When Google Reader announced it was shutting down I noticed a specific trend in the commentary that followed. It was a particular portion of the “RSS is dead” crowd. But it wasn’t just that they were predicting the death of RSS because of Reader shutting down, they were promoting the idea of actively killing it by removing support for RSS feeds from their sites.

I couldn’t figure out the motivation behind this. Their various CMSs already took care of generating feeds for these authors, meaning they had to go through more work to disable feeds than to continue to support them.

The alternative they proposed was to subscribe via email. I was lost on why they wanted to pick one over the other, when doing both was perfectly reasonable. There was a common thread that I saw in this particular group, they tended to be marketing people.

Then I came across a post by Andrew Chen,
RSS, I quit you.
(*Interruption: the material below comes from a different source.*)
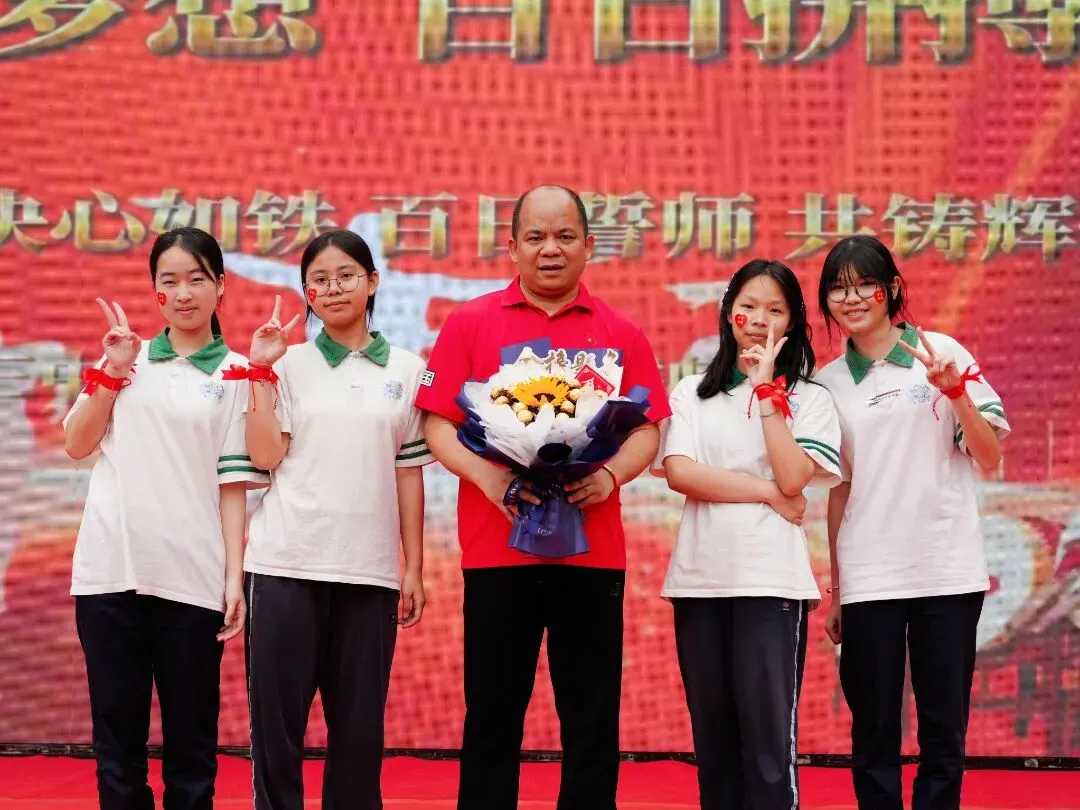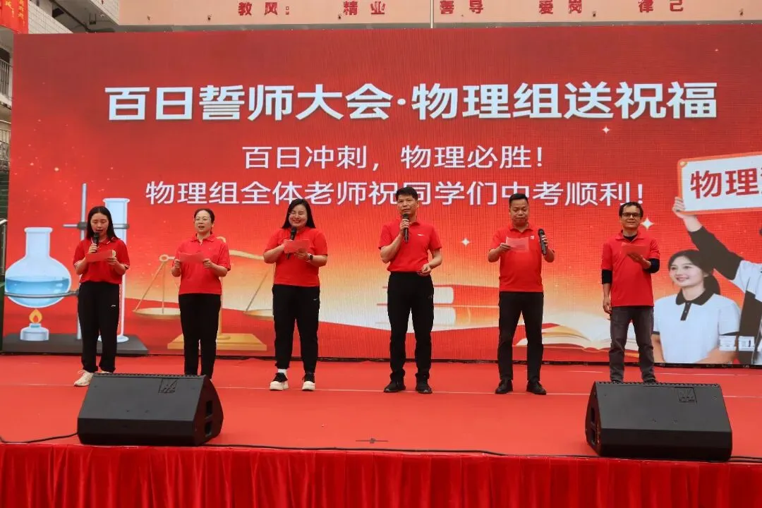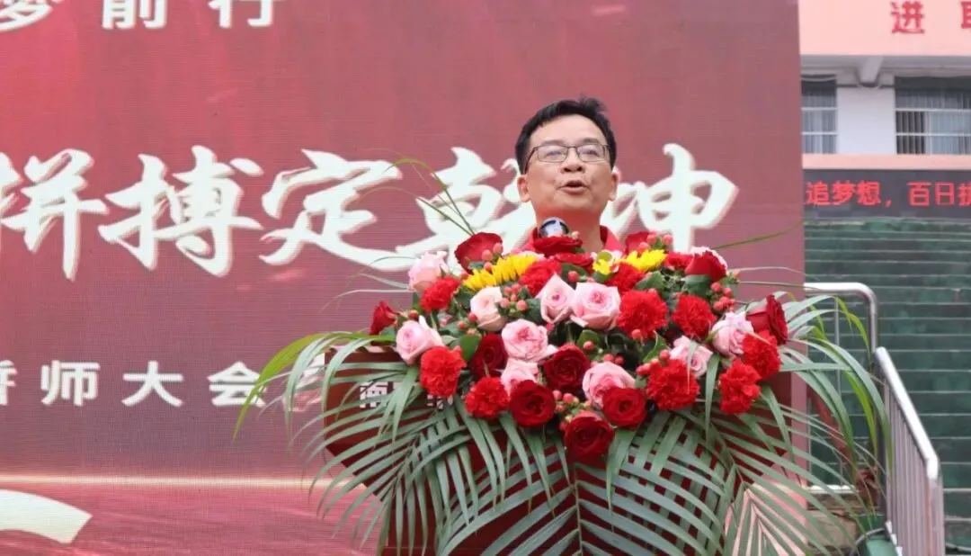 毕业班教师代表林盛育老师上台发言。他的发言字字珠玑,饱含深情。他代表全体九年级教师表达了对学子们的坚定信心与殷切期盼,鼓励同学们在最后一百天里,以坚定的意志、科学的方法和从容的心态,去迎接挑战,创造辉煌。老师们的关怀与嘱托,是学子前行路上最温暖的灯塔。

Please subscribe to email updates for this blog instead
:

I have 10,000s of subscribers on my RSS feed right now, and I wish I had gotten them all on email instead.

Then it became clear. They were disappointed that they didn’t own their subscribers. Services like Feedburner and Google Reader had lulled them into the idea that they had a hold on their subscribers, when they really didn’t. At least not in the same way that having their email address does.

Demanding email addresses in order to get updates from your site is a loosing position. Give people the option to use which ever method works best for them and they will be much happier.

7 replies on “Why Marketing People Don’t Like RSS Feeds”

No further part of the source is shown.